FIG. 2 is a diagram showing IIP3 characteristics with respect to a source current of a low noise amplifier.

FIG. 3 is a diagram showing IIP3 characteristics with respect to a source voltage of a low noise amplifier.

[Explanation of symbols]

1 ... Duplexer, 2 ... Low noise amplifier, 3 ... SAW filter, 4 ... Input matching circuit, 5 ... Output matching circuit and bias supply circuit, 6 ... Bias circuit, 7 ... -Mixer circuit, 8 ... Local oscillation circuit, 9 ... Bias circuit, 61 ... Main bias circuit, 62 ... Sub bias circuit, 63
... Switch circuit, 91 ... Main bias circuit, 92 ... Sub bias circuit, 93 ... Switch circuit.

   ─────────────────────────────────────────────────── ─── Continued front page    F term (reference) 5K011 DA01 DA03 DA06 DA12 EA03                       FA03 GA06 JA01 KA03 KA05                 5K020 AA08 DD03 DD05 DD13 EE01                       EE07 FF00 GG00 LL01                 5K052 AA01 AA11 BB01 CC06 DD19                       FF00 GG02 GG12 GG26 GG35                 5K067 AA43 BB04 DD44 GG08 GG09

Claims (6)

[Claims] 1. A low noise amplifier provided in a high frequency circuit, a mixer circuit for mixing a high frequency signal passing through the low noise amplifier with a local signal, a magnitude of a source current of the low noise amplifier and a magnitude of a current supplied to the mixer circuit. A mobile phone, comprising: a current switching control circuit that controls according to the magnitude of transmission power. 2. The current switching control circuit supplies a first current when the telephone is in a standby state or in a transmission state with a power lower than a predetermined power, and when the telephone is in a transmission state with a power equal to or higher than a predetermined power, the first current control circuit supplies the first current.

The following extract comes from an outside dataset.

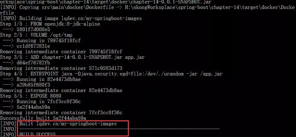 注意:这里若出现了编译异常,常见的就是500: HTTP 500 Internal Server Error了。造成这种的情况一般是镜像名称不符合命名规范:限制为字母数字 [a-zA-Z0-9],和标点符号 [.-_],及/和:(“:”一般上用来区分版本的,如lqdev.cn/demo:v1),或者Dockerfile文件未找到之类的,若出错了大家可重点看下这两个地方。

The mobile phone according to claim 1, wherein the mobile phone is configured to switch so as to supply a second current larger than the current. 3. The mobile phone performs power control for maintaining a constant relationship between transmission power and reception power with a radio base station, and the current switching switching control circuit is configured to receive a signal level during a call. Is greater than the reference value, the first
2. The mobile phone according to claim 1, wherein the mobile phone is configured to switch to supply a second current larger than the first current when the received signal level is equal to or lower than the reference value. 4. The current switching control circuit is a bias circuit connected to a source terminal of a low noise amplifier and a mixer circuit, and adjusts the value of a bias resistance in the bias circuit to adjust the magnitude of the bias current of each circuit. The mobile phone according to claim 1, wherein the mobile phone is controlled. 5. The current switching control circuit comprises: a first main bias circuit for supplying a bias current to a source terminal of a low noise amplifier; a second main bias circuit for supplying a bias current to a mixer circuit; A first sub-bias circuit that supplies a bias current in a superposed manner with the first main bias circuit and a second sub-bias circuit that supplies a bias current in a superposed manner with the second main bias circuit when in a communication state with electric power equal to or higher than the electric power. 5. The mobile phone according to claim 4, further comprising: 6. The mobile phone according to claim 5, wherein the communication system of the mobile phone is a CDMA system.